**REQUIRED WORK:** Below is a listing. Write out exactly its lines between the one holding "盛盘后,可用焯烫过的青菜和小" and the one holding "わなを仕掛けるのは、厚木市が", inclusive.

**MATERIAL TO PROCESS:**
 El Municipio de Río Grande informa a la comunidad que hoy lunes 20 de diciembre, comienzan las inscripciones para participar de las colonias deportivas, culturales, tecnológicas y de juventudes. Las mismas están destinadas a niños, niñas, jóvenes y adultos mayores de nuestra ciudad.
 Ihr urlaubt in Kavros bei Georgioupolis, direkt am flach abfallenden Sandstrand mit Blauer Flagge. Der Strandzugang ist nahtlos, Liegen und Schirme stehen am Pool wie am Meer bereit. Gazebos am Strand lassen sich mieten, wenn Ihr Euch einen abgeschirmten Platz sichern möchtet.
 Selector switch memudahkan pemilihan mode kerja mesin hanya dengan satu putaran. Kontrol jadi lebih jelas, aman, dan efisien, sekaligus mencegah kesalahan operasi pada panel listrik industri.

* * *

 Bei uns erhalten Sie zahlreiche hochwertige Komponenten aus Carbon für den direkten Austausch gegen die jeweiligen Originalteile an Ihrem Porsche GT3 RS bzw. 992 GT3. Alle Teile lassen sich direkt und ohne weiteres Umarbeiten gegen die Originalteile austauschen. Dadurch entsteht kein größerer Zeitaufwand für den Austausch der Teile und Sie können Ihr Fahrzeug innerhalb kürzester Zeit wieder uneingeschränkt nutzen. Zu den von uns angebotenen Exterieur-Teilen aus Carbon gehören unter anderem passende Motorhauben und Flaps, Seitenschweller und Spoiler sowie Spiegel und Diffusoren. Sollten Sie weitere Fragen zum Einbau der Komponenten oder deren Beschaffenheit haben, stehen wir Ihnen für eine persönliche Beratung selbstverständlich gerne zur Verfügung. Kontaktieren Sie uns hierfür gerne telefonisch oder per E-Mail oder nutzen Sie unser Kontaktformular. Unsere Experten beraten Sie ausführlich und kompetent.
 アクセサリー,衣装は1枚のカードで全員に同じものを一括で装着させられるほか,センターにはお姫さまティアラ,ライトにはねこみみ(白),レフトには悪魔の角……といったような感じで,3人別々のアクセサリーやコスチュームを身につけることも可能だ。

--

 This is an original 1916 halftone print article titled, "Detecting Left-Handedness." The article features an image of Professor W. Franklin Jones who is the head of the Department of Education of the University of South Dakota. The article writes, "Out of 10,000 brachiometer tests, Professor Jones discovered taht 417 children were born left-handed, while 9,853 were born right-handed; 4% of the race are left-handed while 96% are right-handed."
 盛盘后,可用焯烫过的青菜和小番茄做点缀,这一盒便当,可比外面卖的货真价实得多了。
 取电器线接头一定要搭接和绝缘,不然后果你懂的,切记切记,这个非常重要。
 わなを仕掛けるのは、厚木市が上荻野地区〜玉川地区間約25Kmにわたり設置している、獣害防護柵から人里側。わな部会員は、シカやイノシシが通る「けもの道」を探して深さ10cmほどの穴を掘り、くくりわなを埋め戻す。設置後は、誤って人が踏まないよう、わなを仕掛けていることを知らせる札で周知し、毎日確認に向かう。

**ANSWER TO THE EXERCISE:**
 盛盘后,可用焯烫过的青菜和小番茄做点缀,这一盒便当,可比外面卖的货真价实得多了。
 取电器线接头一定要搭接和绝缘,不然后果你懂的,切记切记,这个非常重要。
 わなを仕掛けるのは、厚木市が上荻野地区〜玉川地区間約25Kmにわたり設置している、獣害防護柵から人里側。わな部会員は、シカやイノシシが通る「けもの道」を探して深さ10cmほどの穴を掘り、くくりわなを埋め戻す。設置後は、誤って人が踏まないよう、わなを仕掛けていることを知らせる札で周知し、毎日確認に向かう。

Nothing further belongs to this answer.